12 things your feet can tell you about your health
Posted July 3
When you go in for a checkup or physical, your health care provider likely considers several factors to determine the state of your health, such as your weight, blood pressure and lab test results. However, when was the last time your doctor asked you to take off your shoes and socks for a little look-see? Unless you visited a podiatrist, your answer just might be "never."
Perhaps you and your doc should start paying a little more attention to your feet. In fact, they can convey symptoms of numerous, significant health concerns.
Read on to learn 12 ways your tootsies may be trying to tell you something.
1. Cold Feet
A number of ailments could cause you to long for socks even in the summertime.
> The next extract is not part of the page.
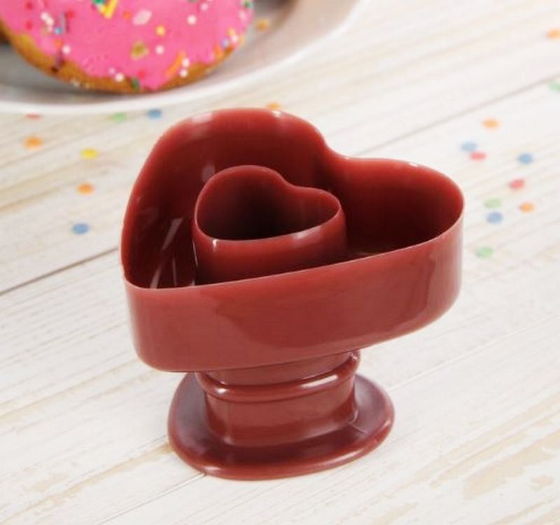 Вирубка для пончиків Серце - це пластиковий різак, призначений для виготовлення пончиків. Виготовлена вирубка з якісного пластику, має гострі краї і зручну ручку.
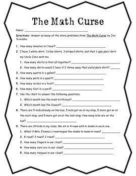 This is adenine worksheet that includes several of the questions from jon scieszka and lane smith's book the math curse. it is thought to breathe secondhand than a follow move to reading who book with your elementary or middle school math students. Math stories are such a fun way to engage kids in math learning, as well as help them see math in the world around them. 2017 23 52 00 gmt acid reflux.

Disorders such as atherosclerosis or hypothyroidism can decrease circulation, leading to frosty fingers and toes. Nerve damage is another culprit, as the nerves that detect temperature may not be working correctly.
2. Aching Feet
When it is not caused by injury, overuse or improper footwear, chronic foot pain may be the result of diseases such as arthritis, diabetes or peripheral arterial disease. Spinal problems, such as herniated discs or sciatica, can also produce foot pain, although these are typically associated with leg pain as well.
3. Discolored Feet
A blue, purple, red, brown or spotted appearance to feet could be something as innocuous as a bruise or a sprain, but other serious ailments should be ruled out. Venous insufficiency, Raynaud's phenomenon (a rare condition that causes blood vessels to react to cold or emotional stress), blood clots and even Rocky Mountain spotted fever can instigate foot discoloration.
4. Dragging Feet
Foot drop, which is a term for difficulty lifting the front part of the foot, may be triggered by a number of underlying causes. These include nerve injury, muscle or nerve disorders and brain or spinal cord disorders.
5. Swollen Feet
Peripheral edema is fluid buildup in the feet, ankles and/or legs. It can be brought on by blood clots, venous insufficiency, pericarditis (inflammation of the pericardium membrane surrounding the heart), lymphedema or cirrhosis, among other causes.
6. Burning Feet
Although they may appear fine on the outside, feet that feel as though they are on fire can point to numerous causes. Everything from athlete's foot and vitamin deficiency anemia to chronic kidney disease, hypothyroidism and Charcot-Marie-Tooth disease can cause inflamed feet.
7. Tingling Feet
When that pins-and-needles feeling comes on and you haven't been sitting on your feet, the cause may be concerning. The possible reasons are many, including a pinched or entrapped nerve, a vitamin deficiency or an autoimmune disease.
8. Non-Healing Feet
Three primary medical issues may result in a scratch, cut or other wound on your foot that doesn't seem to go away. Poor circulation, caused by diseases such as diabetes or peripheral artery disease; edema; or bacterial infection may lie behind this concern.
9. Cracked Heels
When no amount of pedicures or lotion seems to soften your dry, splitting heels, you may want to consider underlying health issues. For instance, neuropathy, psoriasis and certain autoimmune disorders can bring about this bothersome matter.
10. Cramping Feet
They can come on out of nowhere and stop you in your tracks, but could a medical condition be initiating your foot cramps? Common causes include dehydration, mineral deficiencies and poor circulation.
11. Swollen Toe
When not brought on by an injury, a puffed-up, sore or red toe may be a symptom of gout. This painful form of arthritis occurs when too much uric acid builds up in the body.
12. Nail Clubbing
Clubbing of the nails, which is an enlargement of the fingers or toes and downward curving of the nails, can be brought on by several serious conditions. These include lung, heart or liver infections; cancer; or autoimmune diseases.
This is by no means a definitive list, nor should it take the place of professional medical care. If you have concerns about your health, be sure to see a doctor.